## [DATA EXTRACTS]

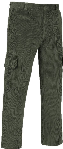
REF. PANA-VE Color ■ Verde
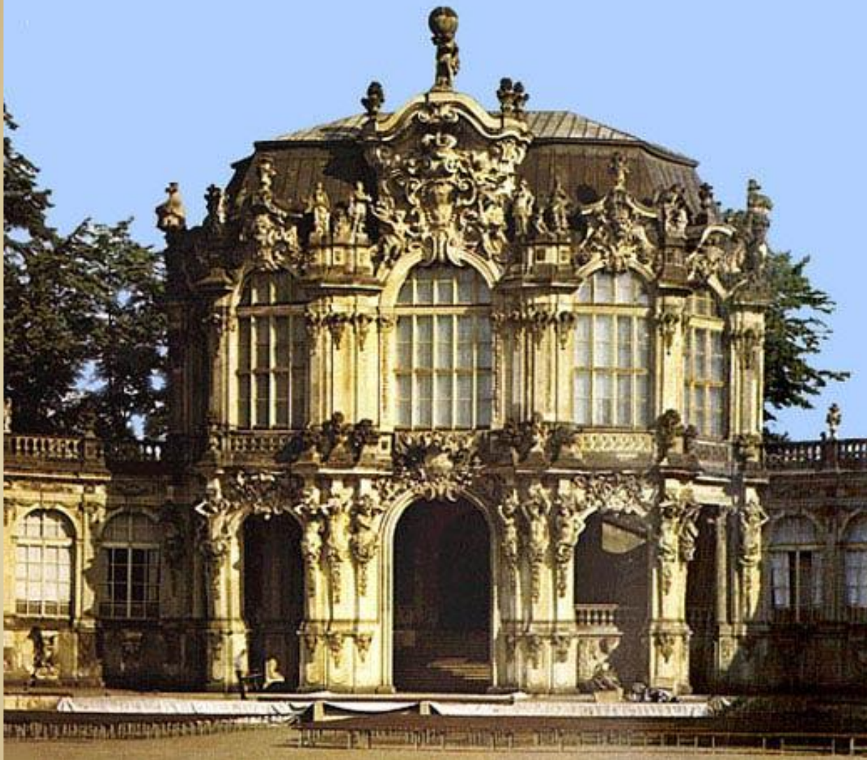
Цвингер Пеппельманн, Пермозер, нач. XVIIIв. Германия Дрезден
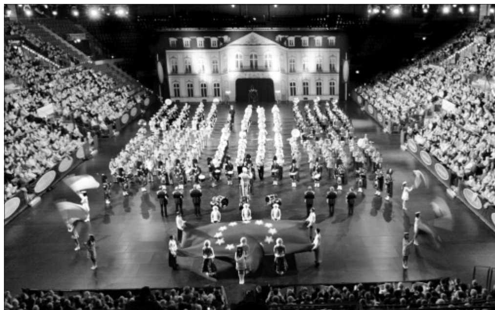
Bekannt aus dem TV: Die Musikparade mit neuem Programm 2010

Die „Internationale Musikparade“ bietet die Stars der Marschmusik und zieht das Publikum mit Pauken und Trompeten in ihren Bann. Abgerundet wird das jährlich neu gestaltete Programm durch Showeinlagen von Chören bis zu exotischer Volksmusik. Doch nicht nur für die Ohren bietet die „Musikparade“ beste Unterhaltung, die Show ist auch ein Augenschmaus: Mit ihren prächtigen Uniformen und beeindruckenden Choreographien dürften die meisten Orchester den Liebhabern der Militär- und Blasmusik aus diversen Fernsehauftritten bekannt sein. Mit dabei sind Militär-Orchester aus Schottland und
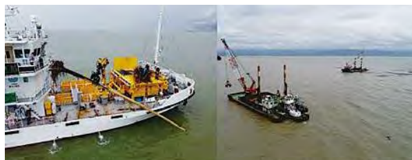
海煌（左）及びクレーン付台船（右）による漂流物回収

令和2年7月豪雨により有明海、八代海に流出した漂流物の回収活動。災害協定団体や漁業者との連携により、7月4日～31日の期間にかけて、令和元年度1年間での回収量の約12倍となる大量の漂流物（15,883m 3 ）を回収したことにより、航行船舶の安全確保及び海洋汚染防汚に大きく寄与した点が評価された。
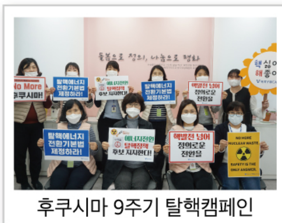
후쿠시마 9주기 탈핵캠페인
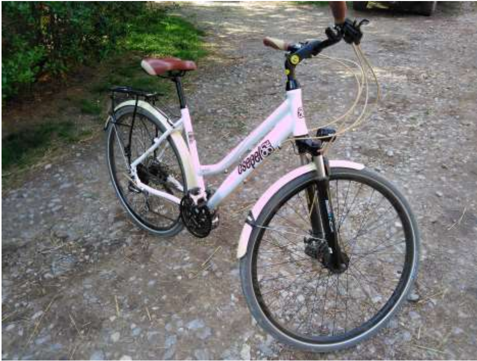
Csepel Traction 300 női kerékpár
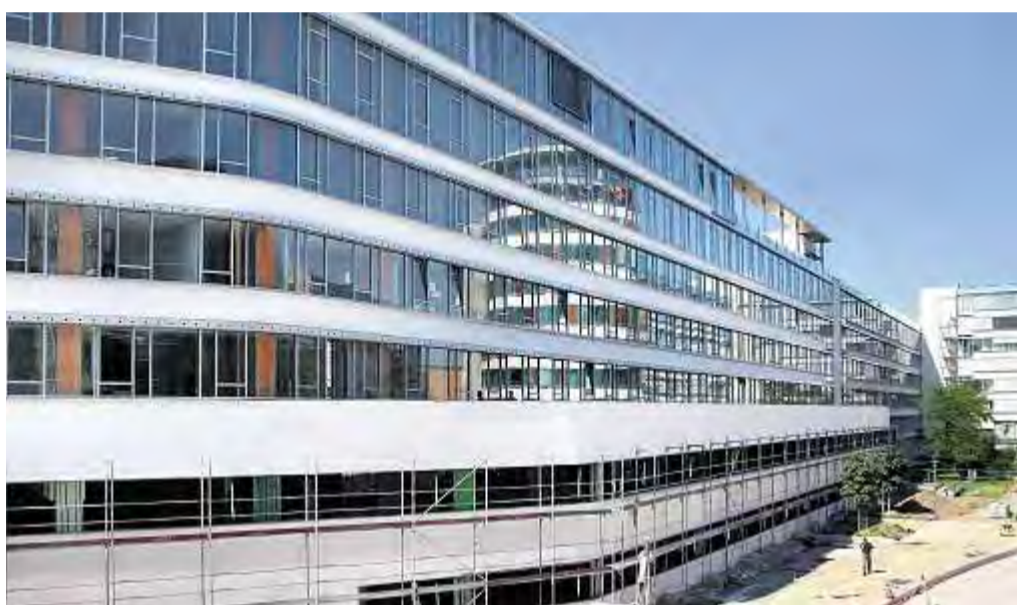
Reizvolle Eindrücke vermittelt der Neubau der PSD Bank aus dieser Perspektive ...
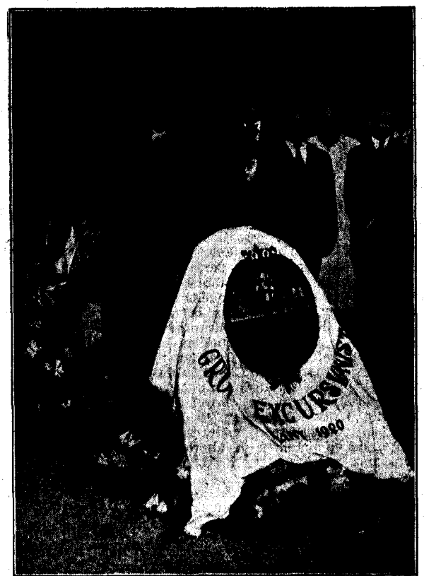
El ferret de Campalans exposat a l'Escola del Treball
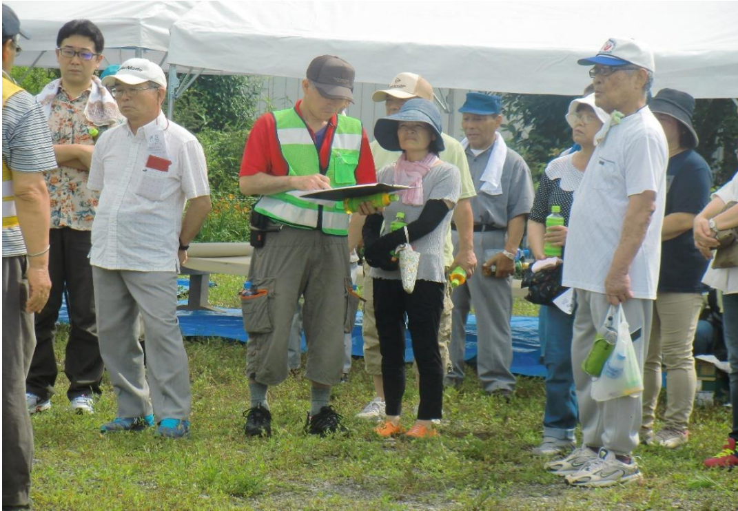
わが家の周辺はどうか？
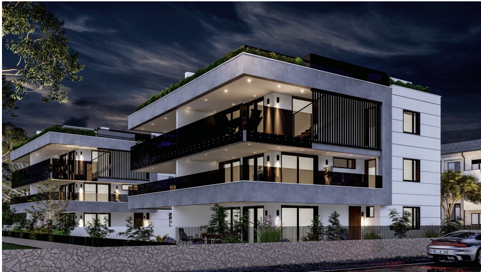
Visu - Außenansicht

## [ACTIVITY]
Repeat only what lies between the start of the data and the end of the line containing "Csepel Traction 300 női kerékpár", exactly, with pictures left out.

## [FINAL ANSWER]
REF. PANA-VE Color ■ Verde
Цвингер Пеппельманн, Пермозер, нач. XVIIIв. Германия Дрезден
Bekannt aus dem TV: Die Musikparade mit neuem Programm 2010

Die „Internationale Musikparade“ bietet die Stars der Marschmusik und zieht das Publikum mit Pauken und Trompeten in ihren Bann. Abgerundet wird das jährlich neu gestaltete Programm durch Showeinlagen von Chören bis zu exotischer Volksmusik. Doch nicht nur für die Ohren bietet die „Musikparade“ beste Unterhaltung, die Show ist auch ein Augenschmaus: Mit ihren prächtigen Uniformen und beeindruckenden Choreographien dürften die meisten Orchester den Liebhabern der Militär- und Blasmusik aus diversen Fernsehauftritten bekannt sein. Mit dabei sind Militär-Orchester aus Schottland und
海煌（左）及びクレーン付台船（右）による漂流物回収

令和2年7月豪雨により有明海、八代海に流出した漂流物の回収活動。災害協定団体や漁業者との連携により、7月4日～31日の期間にかけて、令和元年度1年間での回収量の約12倍となる大量の漂流物（15,883m 3 ）を回収したことにより、航行船舶の安全確保及び海洋汚染防汚に大きく寄与した点が評価された。
후쿠시마 9주기 탈핵캠페인
Csepel Traction 300 női kerékpár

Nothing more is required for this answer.